### GIVEN RECORDS
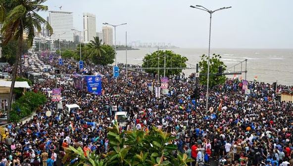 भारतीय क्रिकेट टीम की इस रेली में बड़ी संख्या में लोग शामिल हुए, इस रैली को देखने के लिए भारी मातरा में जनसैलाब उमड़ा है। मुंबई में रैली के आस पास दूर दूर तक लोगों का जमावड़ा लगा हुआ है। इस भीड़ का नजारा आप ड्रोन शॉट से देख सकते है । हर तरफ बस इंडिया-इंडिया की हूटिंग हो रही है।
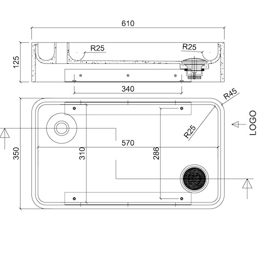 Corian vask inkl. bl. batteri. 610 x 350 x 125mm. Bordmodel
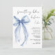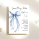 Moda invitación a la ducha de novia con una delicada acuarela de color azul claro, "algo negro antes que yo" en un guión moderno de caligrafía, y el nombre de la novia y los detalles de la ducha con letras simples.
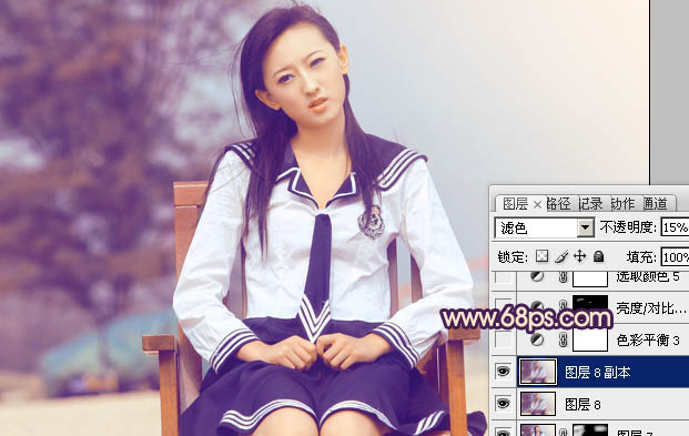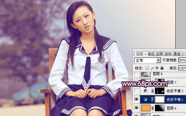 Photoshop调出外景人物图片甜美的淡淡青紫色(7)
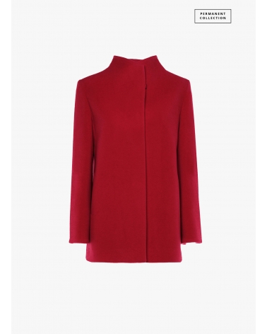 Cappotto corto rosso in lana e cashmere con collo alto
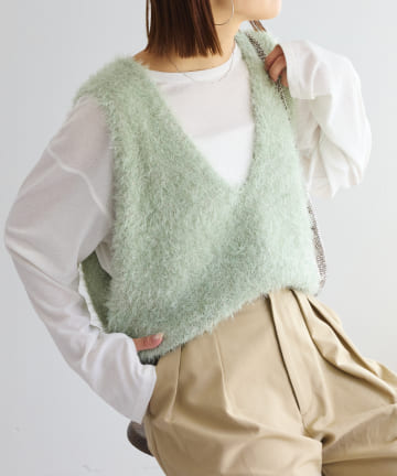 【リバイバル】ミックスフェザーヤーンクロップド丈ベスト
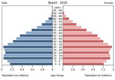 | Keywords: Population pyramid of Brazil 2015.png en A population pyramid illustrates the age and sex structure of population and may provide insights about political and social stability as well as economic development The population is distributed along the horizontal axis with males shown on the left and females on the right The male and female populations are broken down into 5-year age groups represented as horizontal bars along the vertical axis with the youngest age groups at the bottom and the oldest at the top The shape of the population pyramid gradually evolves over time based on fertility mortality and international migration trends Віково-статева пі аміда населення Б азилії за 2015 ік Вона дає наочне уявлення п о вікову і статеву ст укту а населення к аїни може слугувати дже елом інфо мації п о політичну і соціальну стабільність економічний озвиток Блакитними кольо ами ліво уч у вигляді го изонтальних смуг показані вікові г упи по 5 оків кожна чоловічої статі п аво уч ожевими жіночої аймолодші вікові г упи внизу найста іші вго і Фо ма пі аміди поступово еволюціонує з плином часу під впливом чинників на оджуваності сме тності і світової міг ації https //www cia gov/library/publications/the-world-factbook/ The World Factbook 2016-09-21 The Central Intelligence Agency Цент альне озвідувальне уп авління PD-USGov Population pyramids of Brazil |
######
Output each record exactly as it appears, but not the pictures.

RESPONSE BOX
 भारतीय क्रिकेट टीम की इस रेली में बड़ी संख्या में लोग शामिल हुए, इस रैली को देखने के लिए भारी मातरा में जनसैलाब उमड़ा है। मुंबई में रैली के आस पास दूर दूर तक लोगों का जमावड़ा लगा हुआ है। इस भीड़ का नजारा आप ड्रोन शॉट से देख सकते है । हर तरफ बस इंडिया-इंडिया की हूटिंग हो रही है।
 Corian vask inkl. bl. batteri. 610 x 350 x 125mm. Bordmodel
 Moda invitación a la ducha de novia con una delicada acuarela de color azul claro, "algo negro antes que yo" en un guión moderno de caligrafía, y el nombre de la novia y los detalles de la ducha con letras simples.
 Photoshop调出外景人物图片甜美的淡淡青紫色(7)
 Cappotto corto rosso in lana e cashmere con collo alto
 【リバイバル】ミックスフェザーヤーンクロップド丈ベスト
 | Keywords: Population pyramid of Brazil 2015.png en A population pyramid illustrates the age and sex structure of population and may provide insights about political and social stability as well as economic development The population is distributed along the horizontal axis with males shown on the left and females on the right The male and female populations are broken down into 5-year age groups represented as horizontal bars along the vertical axis with the youngest age groups at the bottom and the oldest at the top The shape of the population pyramid gradually evolves over time based on fertility mortality and international migration trends Віково-статева пі аміда населення Б азилії за 2015 ік Вона дає наочне уявлення п о вікову і статеву ст укту а населення к аїни може слугувати дже елом інфо мації п о політичну і соціальну стабільність економічний озвиток Блакитними кольо ами ліво уч у вигляді го изонтальних смуг показані вікові г упи по 5 оків кожна чоловічої статі п аво уч ожевими жіночої аймолодші вікові г упи внизу найста іші вго і Фо ма пі аміди поступово еволюціонує з плином часу під впливом чинників на оджуваності сме тності і світової міг ації https //www cia gov/library/publications/the-world-factbook/ The World Factbook 2016-09-21 The Central Intelligence Agency Цент альне озвідувальне уп авління PD-USGov Population pyramids of Brazil |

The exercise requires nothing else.